Edirne Kadın Platformu’nun çağrısıyla Edirne Merkez’de Saraçlar Caddesinde bir araya gelen kadınlar basın açıklaması gerçekleştirdi. “Katledilen kadınlar isyanımızdır” pankartının açıldığı eylemde “Geceleri de sokakları da meydanları da terk etmiyoruz” sloganı atıldı.

Yapılan basın açıklamasında şu ifadelere yer verildi;

İktidarın tekelinde yürüyen sistem; ülkede adalet, hukuk, demokrasi, kadın, LGBTİQ+, genç ve çocuk hakları adına hiçbir şey bırakmamıştır. İktidar; kadınlara yönelik her türlü şiddet, taciz ve tecavüz olaylarında yasalarda tanıdığı esneklik ile bu olayların yaşanmasına adeta çanak tutmaktadır.

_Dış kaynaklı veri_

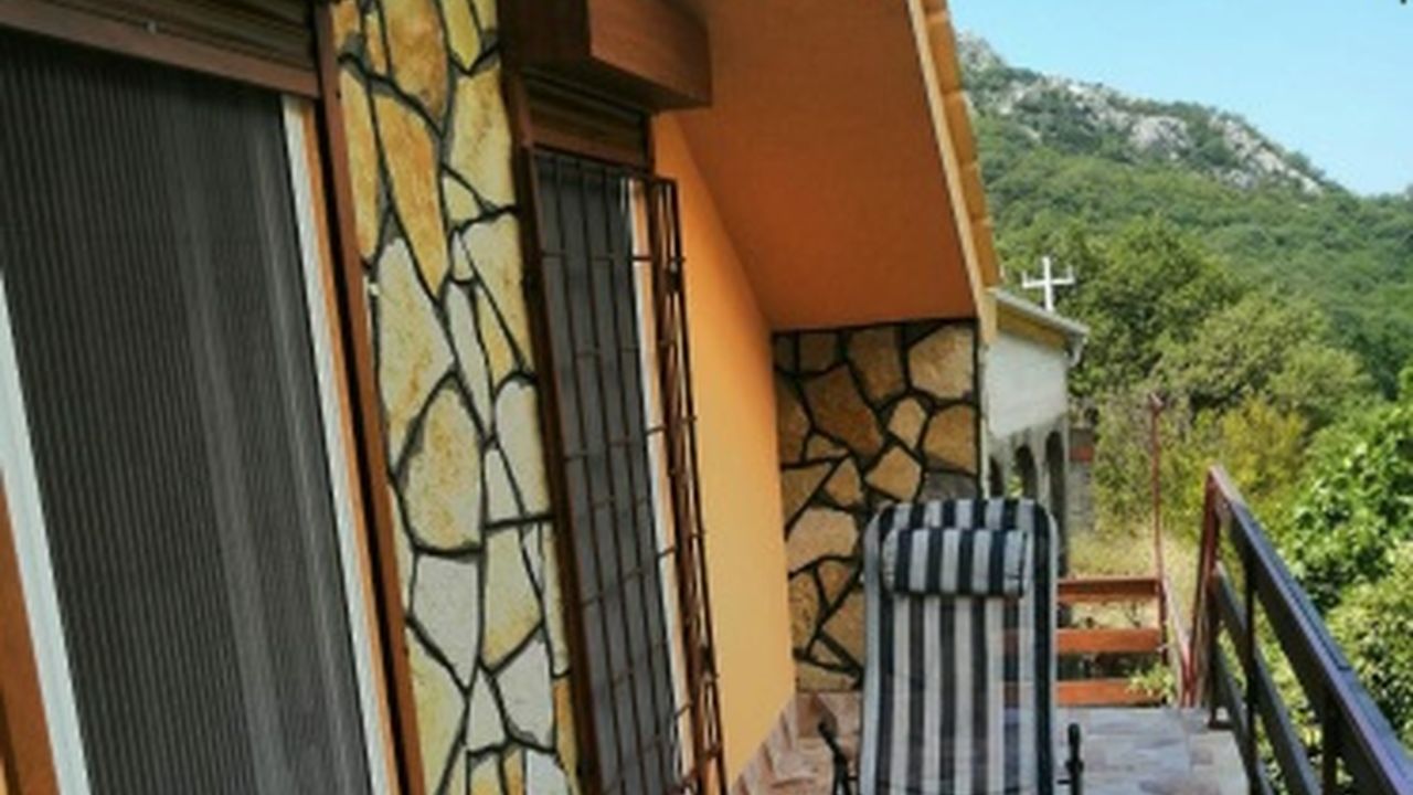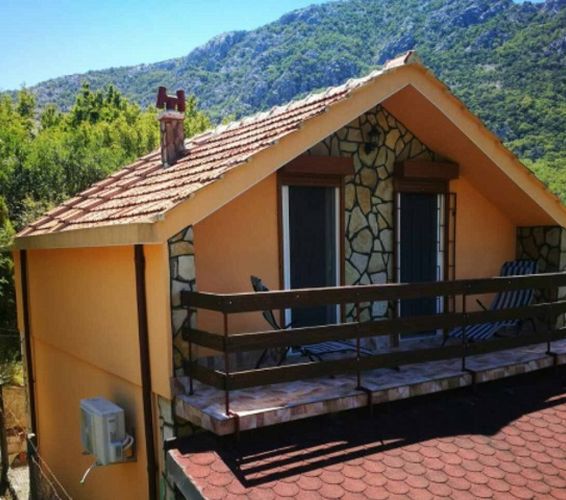 On the ground floor, there is first a spacious veranda from which you enter the living room with a dining room, then a small kitchenette and a bathroom.

Bizler şunu iyi biliyoruz; onlar da bilmelidir ki en demokratik hakkımız olan yaşamak ve yaşatmak mücadelemizden asla vazgeçmeyeceğiz. Çünkü haksızlığın meşrulaştırıldığı bir yerde direnmek en temel haktır.

İstanbul Sözleşmesi uygulanmış olsaydı Aleyna Çakır’ın ölümünün baş şüphelisi Ümitcan Uygun’un Esra Hankulu’nu katledemeyeceğini söyleyen kadınlar katledilen Sude Akarsu, Gülfem Alay, Senem Barik ve Elif Sinan’ın da hayatta olacağını söyledi. Kadınlar, Azra Gülendam Haytaoğlu ve Emine Gökkız için de faillerin cezasızlık politikası ile ödüllendirildiğini bunun iktidarın politikası olduğunu dile getirdi.

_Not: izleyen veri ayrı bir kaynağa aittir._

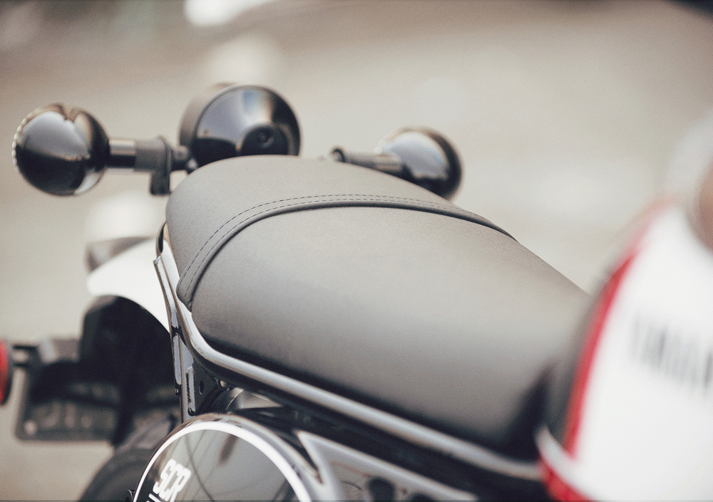 La nuova posizione di guida offre un approccio molto diverso rispetto alla XV, dalla quale la SCR deriva. A partire dalla forma e soprattutto dall'altezza della sella, per cui si passa da quella bassa da bobber (a soli 690 mm) a una dritta e alta (830 mm), sulla quale ci si può spostare agevolmente; peraltro la moto non è larga fra le gambe, quindi non ci sono problemi nel mettere bene i piedi a terra anche se non si è alti.

İSTANBUL SÖZLEŞMESİNDEN VAZGEÇMEYECEĞİZ

Kadınların yaşamını güvence altına alan başta İstanbul Sözleşmesi’ni ve her türlü koruyucu uygulamayı yürürlükten kaldırarak, erkek faillere iyi hal indirimleri vererek ya da tutuksuz yargılama ile erkek şiddetinin çarkını dizayn etmekten geri durmadığı sürece şiddetin ve kadın katliamlarının önlenmesi mümkün olmayacaktır. Buradan bir kez daha sesleniyoruz, İstanbul Sözleşmesi’nden vazgeçmiyoruz.

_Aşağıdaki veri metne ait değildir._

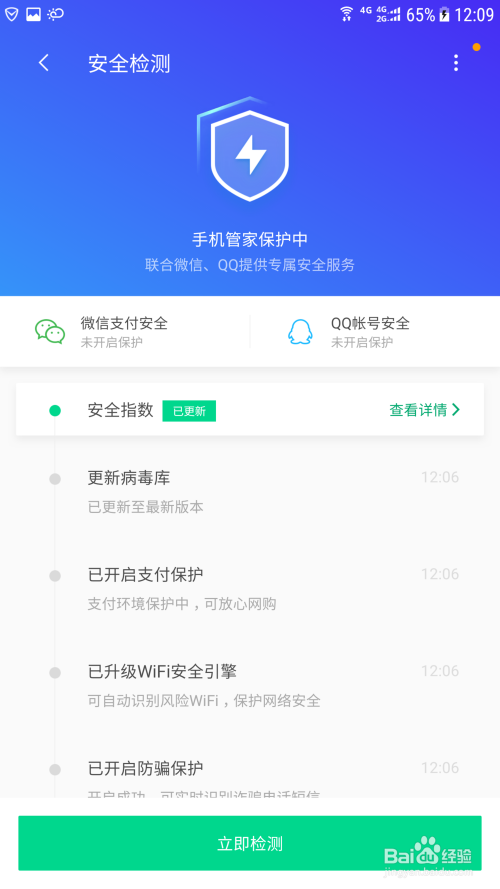 打开手机里面的手机管家,然后选择下面的平安检测功能

“ERKEK ADALET DEĞİL GERÇEK ADALET” 

İsyanımızı ve öfkemizi katlettiğiniz, yok saydığınız, nefes almasından bile nefret ettiğiniz kadınlardan, direncimizi ve umudumuzu, barikatlarda, dava salonlarında, sokakta, evde, omuz omuza yan yana durduğumuz kadınlardan ve örgütlü mücadelemizden alıyoruz. Erkek aklınız, erkek devletiniz, erkek adaletiniz ile dil, din, sınıf fark etmeksizin yaşamdan kopardığınız, kirpiğine dokunduğunuz her kadın için hesap soracağız. Azra, Emine ve Esra’nın failleri gerçek adalet ile yargılanana kadar susmuyoruz, korkmuyoruz!